I said I am not gonna write no more columns like this. I made a mistake.’ (Cape Times)
Although — with such catchy prose – Dikeni doesn’t seem to be as widely known as he deserves to be in his native Northern Cape, it’s no wonder that his Love Poem for my Country found its way into President Cyril Ramaphosa’s inaugural speech at the Union Buildings last month. An online search of this dreadlocked son of the Karoo turns up some interesting finds. My reflexive reaction was, ‘Wow!’ followed by self-flagellation as to how is it I’d never heard of him.
Except I think I had, years ago, from a certain Dr Sipho Mbuqe, now a psychologist based in the US. Dr Mbuqe, you’d recall, was the PhD student who submitted a dissertation titled ‘Political Violence in South Africa: A Case Study of ‘Necklacing’ in Colesberg’, which documents an incident that continues to haunt inhabitants of Colesberg’s Kuyasa Township.
Going through the few items one is able to get hold of, Dikeni, one finds, was a born storyteller; a gallant voice that beautifully articulated the struggle of his generation.
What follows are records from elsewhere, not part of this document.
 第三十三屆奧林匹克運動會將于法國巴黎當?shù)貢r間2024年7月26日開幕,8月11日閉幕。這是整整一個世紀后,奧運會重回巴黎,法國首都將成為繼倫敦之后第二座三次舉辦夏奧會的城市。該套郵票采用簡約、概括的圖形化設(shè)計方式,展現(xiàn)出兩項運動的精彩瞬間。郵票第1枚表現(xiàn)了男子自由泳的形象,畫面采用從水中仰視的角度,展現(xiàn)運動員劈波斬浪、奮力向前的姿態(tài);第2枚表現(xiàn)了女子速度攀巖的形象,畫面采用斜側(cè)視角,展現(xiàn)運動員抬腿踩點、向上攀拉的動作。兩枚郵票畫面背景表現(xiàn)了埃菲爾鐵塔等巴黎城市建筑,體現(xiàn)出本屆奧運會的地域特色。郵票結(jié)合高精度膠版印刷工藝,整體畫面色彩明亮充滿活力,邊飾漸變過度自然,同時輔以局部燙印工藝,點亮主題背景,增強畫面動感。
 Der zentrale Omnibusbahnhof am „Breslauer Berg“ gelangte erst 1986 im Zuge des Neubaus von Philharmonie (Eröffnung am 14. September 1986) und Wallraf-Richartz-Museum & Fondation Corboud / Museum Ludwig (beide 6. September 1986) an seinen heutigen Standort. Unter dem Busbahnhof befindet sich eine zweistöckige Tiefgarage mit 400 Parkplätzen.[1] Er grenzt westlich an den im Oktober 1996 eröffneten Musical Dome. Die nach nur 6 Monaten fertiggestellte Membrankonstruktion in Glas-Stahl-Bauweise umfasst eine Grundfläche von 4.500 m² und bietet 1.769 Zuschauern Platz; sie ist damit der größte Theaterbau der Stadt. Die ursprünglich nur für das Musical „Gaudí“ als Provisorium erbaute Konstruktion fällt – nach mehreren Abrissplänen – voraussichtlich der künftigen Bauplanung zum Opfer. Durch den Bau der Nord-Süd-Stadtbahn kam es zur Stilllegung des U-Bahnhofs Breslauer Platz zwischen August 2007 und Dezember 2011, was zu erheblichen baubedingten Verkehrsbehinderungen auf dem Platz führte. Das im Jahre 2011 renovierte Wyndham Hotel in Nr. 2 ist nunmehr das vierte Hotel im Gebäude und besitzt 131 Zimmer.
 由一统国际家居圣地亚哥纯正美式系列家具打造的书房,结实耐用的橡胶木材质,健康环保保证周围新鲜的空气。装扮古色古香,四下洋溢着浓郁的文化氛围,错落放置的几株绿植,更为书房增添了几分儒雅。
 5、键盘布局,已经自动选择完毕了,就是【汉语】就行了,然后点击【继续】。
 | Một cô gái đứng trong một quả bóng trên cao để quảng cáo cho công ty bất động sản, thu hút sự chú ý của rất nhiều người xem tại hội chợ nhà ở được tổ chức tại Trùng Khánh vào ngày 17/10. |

How about a taste:
With poetry dancing on our tongues
we wiped the blood from our mouths …
we petrol- bombed our angry past
we blasted our martyrs out of our brains
and we made shrines out of their graves
According to Gevisser, at the time of his untimely death, he was still hoping to write a book about his father, with the hope that this would ‘provide the truth that would lead to the reconciliation of his community’. Sadly, in 2019, fate dealt Dikeni and those who admired him a heavy blow when he passed away at the age of 53.
His death of tuberculosis is poignant: he lost Phri, one of his brothers some 15 years earlier from the same terrible illness. His poem ‘Track of the Tracks’, mourns the immensity of the loss of this beloved sibling.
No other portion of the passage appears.